A retired algebra teacher and father of three grown children, Wan
Di had also been a monk three times in his life. From Nong Khiaw,
we piled into a low, wooden longboat for the hour ride to Muang
Ngoi, the boat motor just barely able to propel us upstream on the
scenic Nam Ou River. Bungalows on stilts signaled
our arrival to Muang Ngoi and once off the boat
and up the hill, we found ourselves in a village of only one dirt
lane, surrounded by dramatic jungle mountain scenery. Word had clearly
got around about his place, as wooden shack restaurants catered
to backpacker tastes and tourist bungalows lined the river. Yet,
it would still be hard for Muang Ngoi to feel touristy. The flimsy,
rustic bungalows - smack dab in the middle of all the village action
- contained nothing more than a hard bed and mosquito net, electricity
was only available from 6-8 pm each night, and we were awoken at
4:30 each morning by screeching roosters just outside our hut. We
could walk across the village in about four minutes, so it was the
kind of place where you relish doing nothing - laying in hammocks,
reading, eating flavourful local dishes cooked in campfire kitchens
and sitting on riverside bamboo decks to absorb the heat of the
day before the temperature plummeted at night. A lot of the time
we just watched the locals, the women giving each other perms in
the street, the men making bricks, little boys carrying their catch
of the day up from the river. Turkeys and chickens strutted in their
bamboo pens, puppies wrestled in the road, and pigs were tied up
and carried away on boats.
We've
heard people say that Laos is the place where the Thai go to learn
to slow down and the Vietnamese go to learn the art of doing nothing.

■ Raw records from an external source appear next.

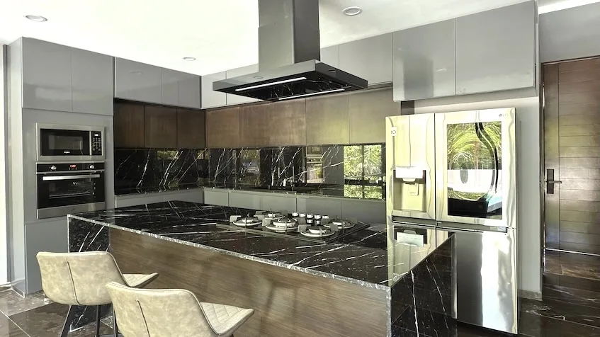 This particular residence offers 407 square meters of construction with open spaces, abundant natural light, and seamless indoor-outdoor flow. The ground floor includes covered parking for two vehicles, a fully equipped kitchen with a breakfast island and marble surfaces, and integrated living and dining areas with floor-to-ceiling windows. A glass atrium with double-height ceilings leads to a large covered terrace with a lounge area and a private swimming pool surrounded by tropical vegetation. Also on this level is a bedroom or study with a walk-in closet and full bathroom, a service room, and a laundry area.
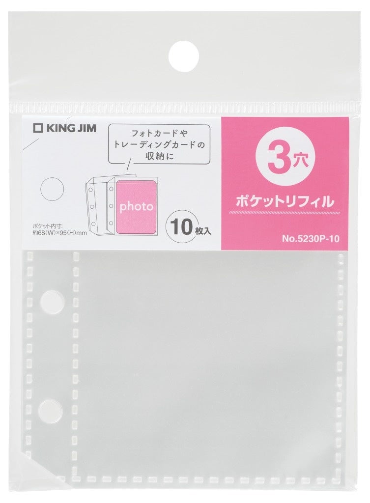 「リングファイル」をモチーフにした、キングミニオリジナルデザインのカードサイズのリングファイルです。全5色展開で色ごとに分類することができます。ポケットリフィルが10枚付属しており、別売りのポケットを追加すると最大約30枚までセットが可能です。背見出し紙の裏面は書き込み可能なシステム見出しになっており、4mm方眼のガイドがあるので、「テプラ」のラベルを貼って分類することもできます。
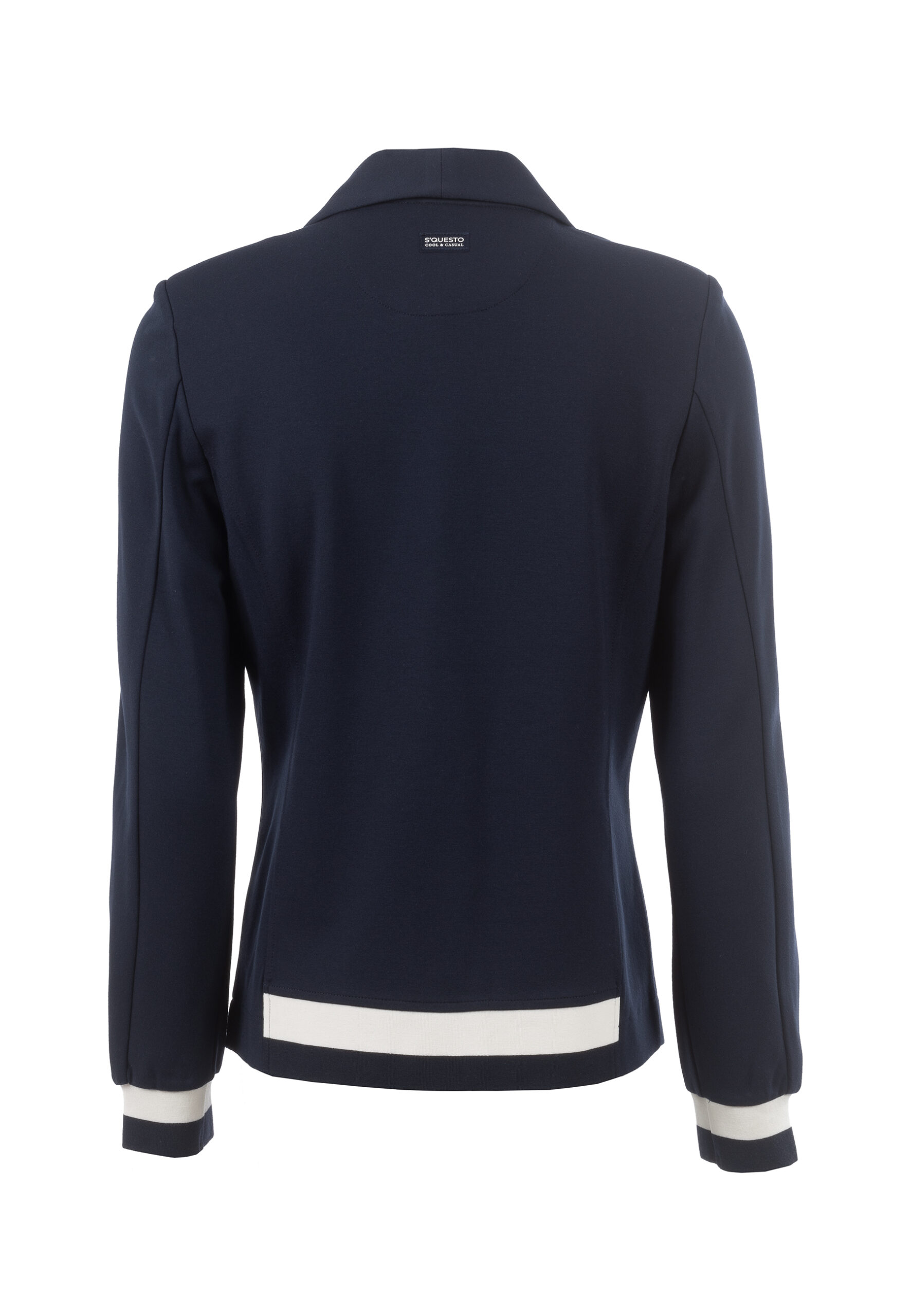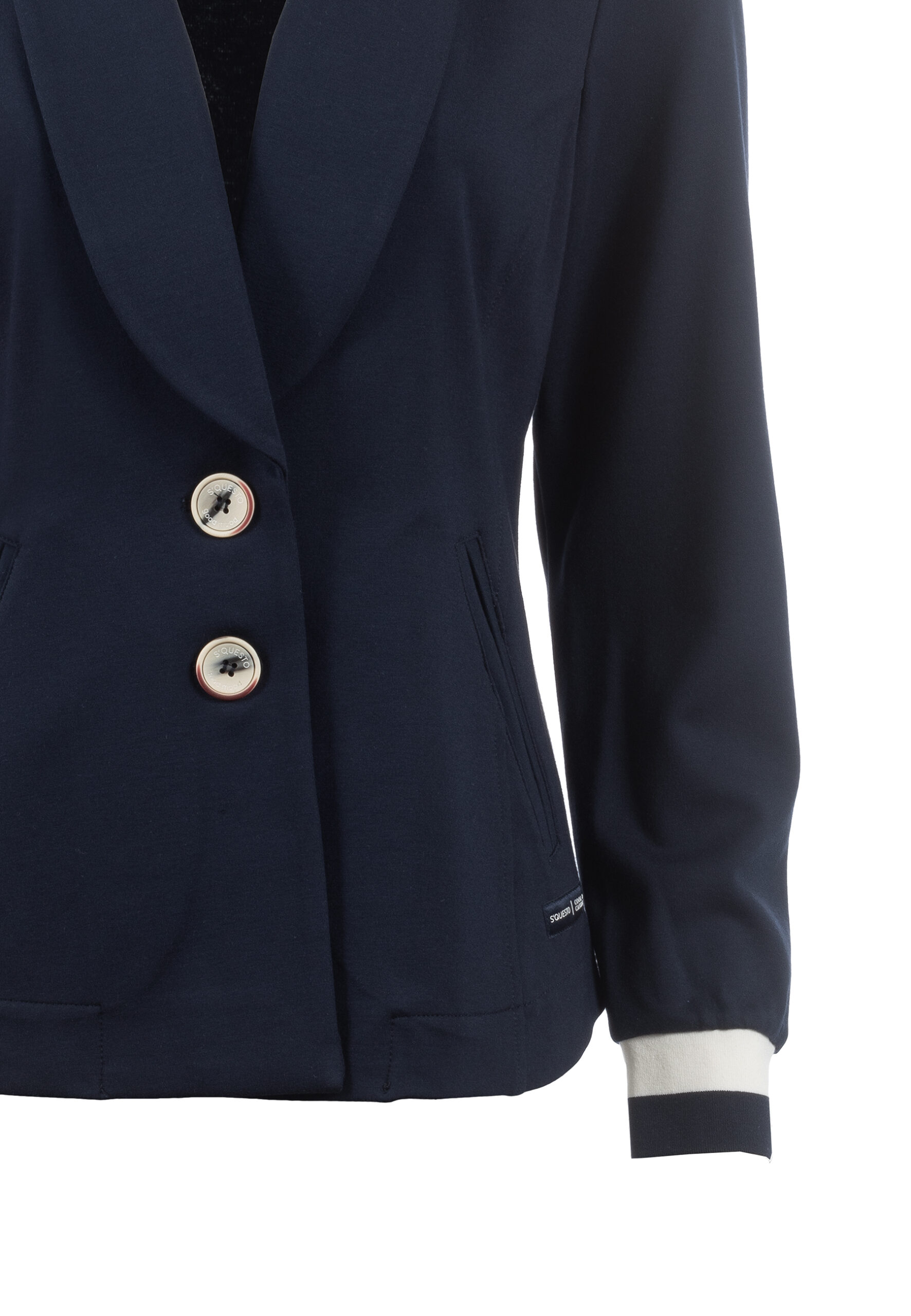 Sportiver, leichter Sweatblazer mit gestreiften, elastischen Rippbünden an den Ärmelenden und hinten am Saum. Für eine schöne Passform mit kleinen Schulterpolstern, zwei großen, melierten Knöpfen und länglichen Absteppungen vorne seitlich versehen.
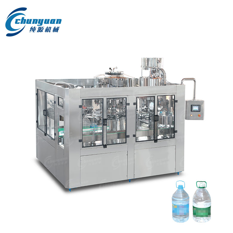 SGF系列3-5L大瓶饮用水灌装设备集冲瓶、灌装、拧盖三部分为一体,是纯源机械结合国外先进的灌装工艺技术,自主研制开发制造,专用于纯净水、矿泉水、饮用水等水灌装。
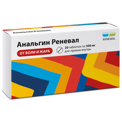 Анальгин 500мг таблетки RENEWAL Регистрационный номер: ЛС-000487 Торговое наименование: Анальгин Реневал Международное непатентованное наименование: метамизол натрия Лекарственная форма: таблетки Состав Действующее вещество: метамизол натрия 500,00 мг; вспомогательные вещества: повидон К 30,...
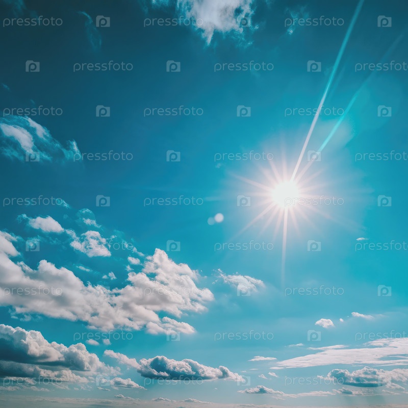 Ярко-синее небо с сияющим солнцем и рассеянными облаками
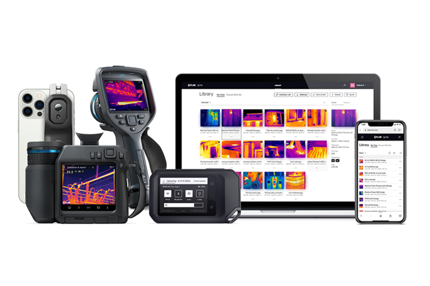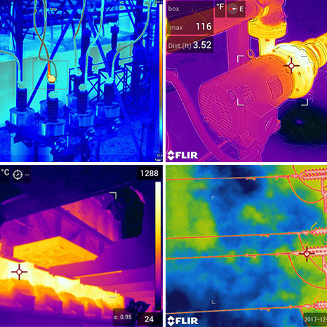 Flir thermal cameras and meters allow you to quickly scan large areas for hot spots on machinery or electrical systems that could indicate a potential problem.
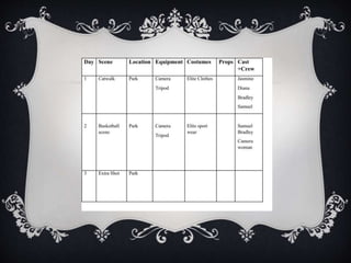 This document identifies potential hazards during the filming of a project, including slipping or tripping, getting hit by objects, collisions with bikes or trees. It rates the likelihood and severity of each hazard, then outlines measures to manage the risks, such as clearing objects, passing basketballs carefully, staying aware of surroundings. All identified risks were deemed manageable with the outlined prevention methods.
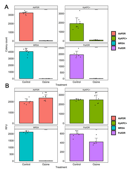(A) The number of colony-forming units (CFU) in different bacterial strains (S. aureus (MRSA), P. aeruginosa (XDR), A. baumannii (PDR), and K. pneumoniae (KPC+)) were counted. The number of CFU in the control group (no treatment) and bacterial suspensions (105 CFU/mL) after exposure to ozone for 40 min was quantified. The black dots represent the number of CFU count of the different strains. (B) Analysis of cell viability after ozone treatment in different bacterial strains (S. aureus (MRSA), P. aeruginosa (XDR), A. baumannii (PDR), and K. pneumoniae (KPC+)). The measurement of fluorescence intensity (Relative fluorescence units, RFU) after the conversion of resazurin to resofurin by viable bacteria was performed in the control group (no treatment) and bacterial suspensions (105 CFU/mL) after exposure to ozone for 40 min. Results represent three randomly chosen colonies in the control group (no treatment) and after ozone treatment. The black dots show cell viability values through fluorescence emission after the addition of resazurin. ** Statistically significant (p < 0.01); **** statistically significant (p < 0.001).
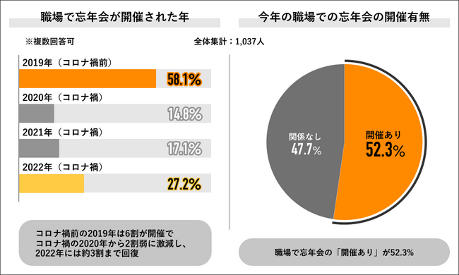 回答者全体の1,037人にコロナ禍前後の忘年会実施の有無を聞くと、職場忘年会の実施はコロナ禍前の2019年では58.1%だったものが、コロナ禍に入った2020年に14.8%まで減少し、2021年には17.8%と微増、2022年に入ると27.2%と回復傾向にあり、今年の職場忘年会の実施有無(未定を除く)では、「開催あり」が52.3%、「なし」が47.7%で、4年ぶりに実施率が過半数を超える結果となりました。

Our short journey in this country certainly reminded us about the
simple things in life and gave us a chance to slow down and appreciate
everything around us. Of course, it's not hard to appreciate your
surrounds in Laos, a beautiful country of beautiful people.
Traveler
Tips:
**If you want to take the longboat trip all the way between Luang
Prabang and Muang Ngoi, consider going mostly by road on the way
up, then taking the boat trip back as the river runs south and will
make your ride smoother and shorter - about 6 hours.
**Luang
Prabang and destinations further north get quite cold in the winter
months (around Dec/Jan), so bring appropriate clothing.